Sunday, July 10, 2011

Somebody's Making Sense for a Change

The Philadelphia District Attorney's office estimates that it saved the city two million dollars in revenue through a new program designed to deal with individuals arrested with less than 30 grams (slightly more than one ounce) of marijuana.

According to The Philadelphia Daily News, new sentencing guidelines have meant that the city no longer has to foot the bill for court-appointed defense attorneys, prosecutorial fees, lab tests, or overtime wages paid to police officers who appear in court. Additionally, says the article, legal personnel at all levels are freed up to concentrate on more serious crimes.

[...]

Thousands of cases have been diverted through Philadelphia's so-called Small Amount of Marijuana (SAM) program, which is designed to process marijuana users quickly through the system and leave them with a clean record.

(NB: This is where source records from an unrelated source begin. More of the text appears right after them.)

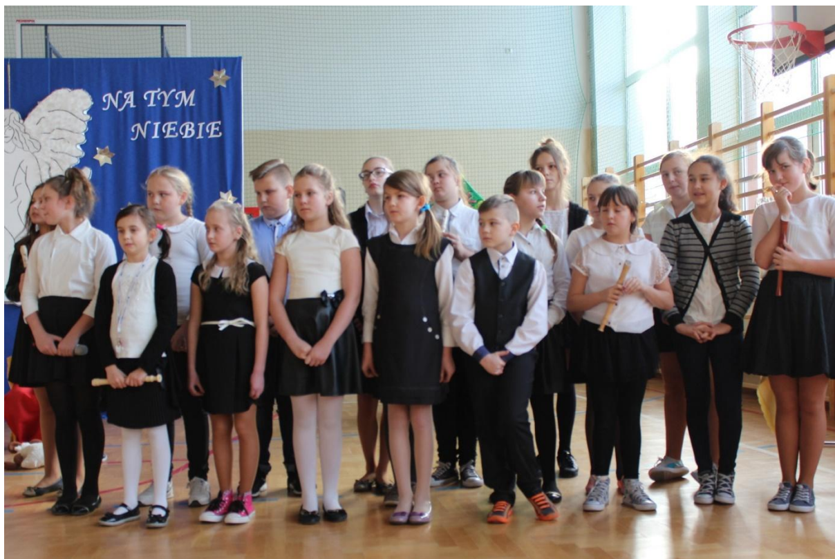
SP Starorypin Rządowy.
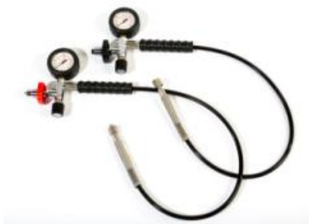
Fülleinrichtung PN200 bzw. PN300
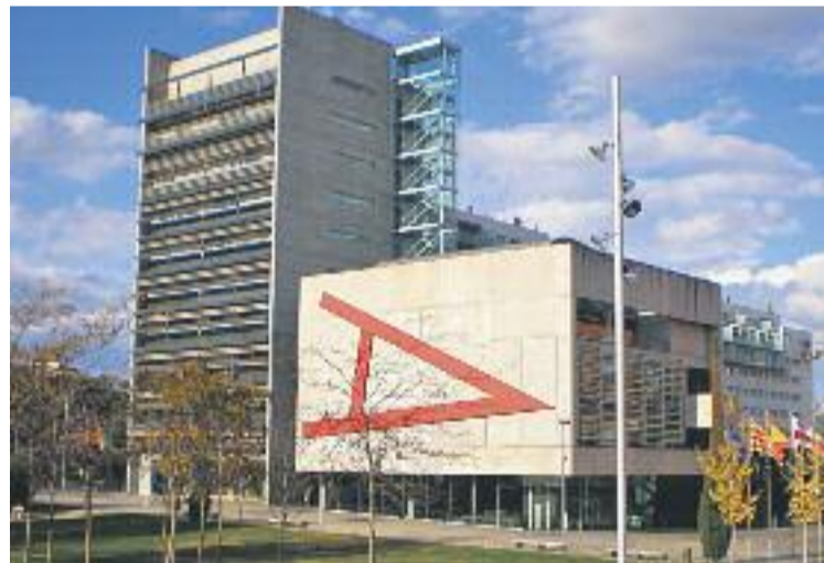
Els pressupostos es votaran en el Ple del 14 de desembre.

La formació de Buzón critica "la passivitat del govern, que no ha canviat la seva actitud en la negociació dels pressupostos" i lamenta "que sigui la tercera vegada que això succeeix", ja que, assegura, "hi va haver els mateixos impediments el passat mes d'octubre amb les ordenances fiscals i l'elecció del nou Síndic Personer".
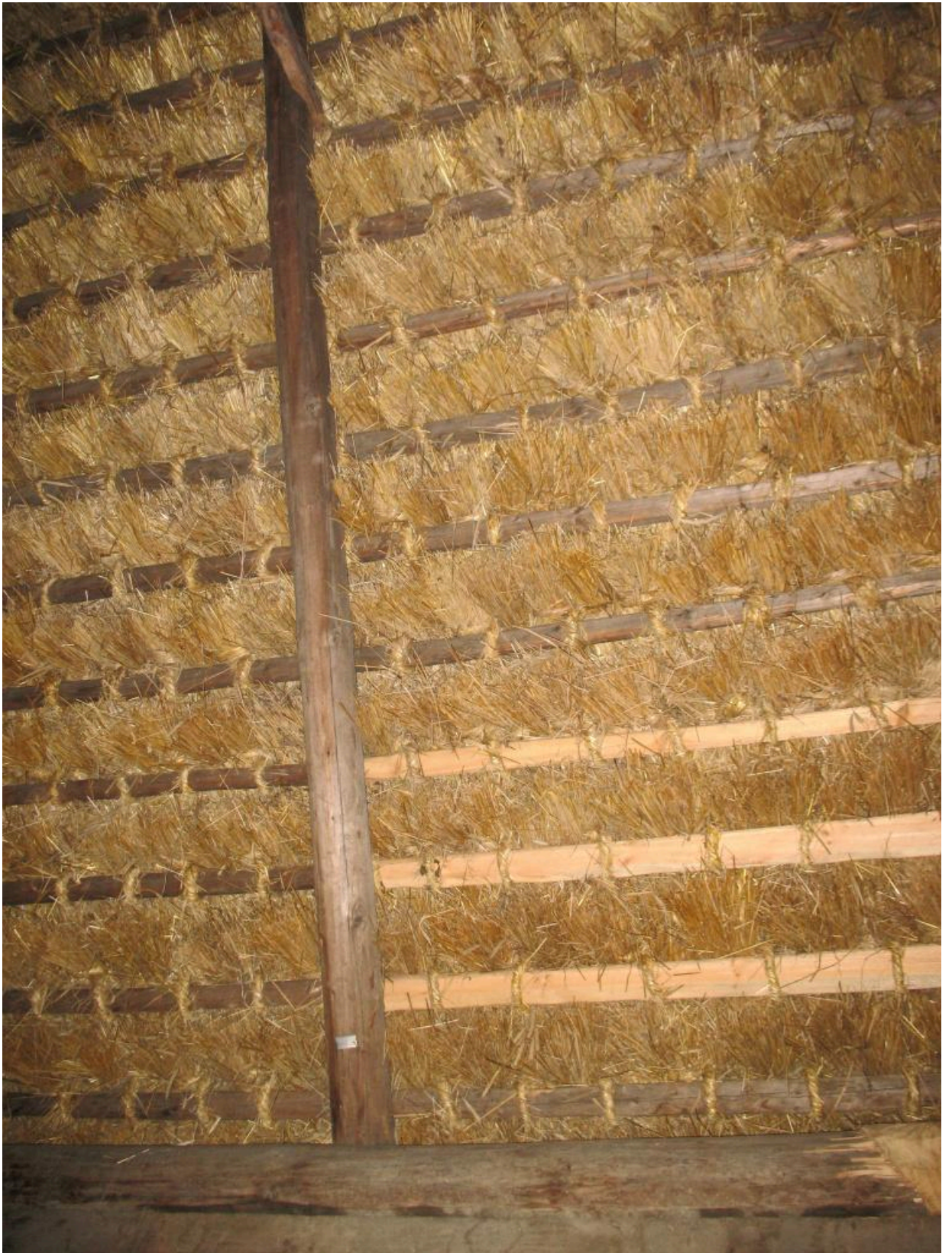
Фото 6. Солом'яна покрівля даху. Вид із сінєй хати із села Липовиця Рожнятівського району Івано-Франківської області. НМНАПУ. 2010 р.

The effort might have been doomed to failure had it not received the support of law enforcement personnel, who say that efforts to take marijuana off the streets use up resources and do little to dent the supply available to users.

  Raw Story

A panel of former high ranking world officials issued a report Thursday calling for an end to the global war on drugs and a move toward policies that treat addiction as a health problem instead of as crime.

The group, calling themselves the Global Commission on Drug Policy, includes the former presidents of Switzerland, Colombia, Mexico and Brazil, along with a former U.N. Secretary General, a former U.S. Secretary of State, the prime minister of Greece and the former U.N. High Commissioner for Human Rights.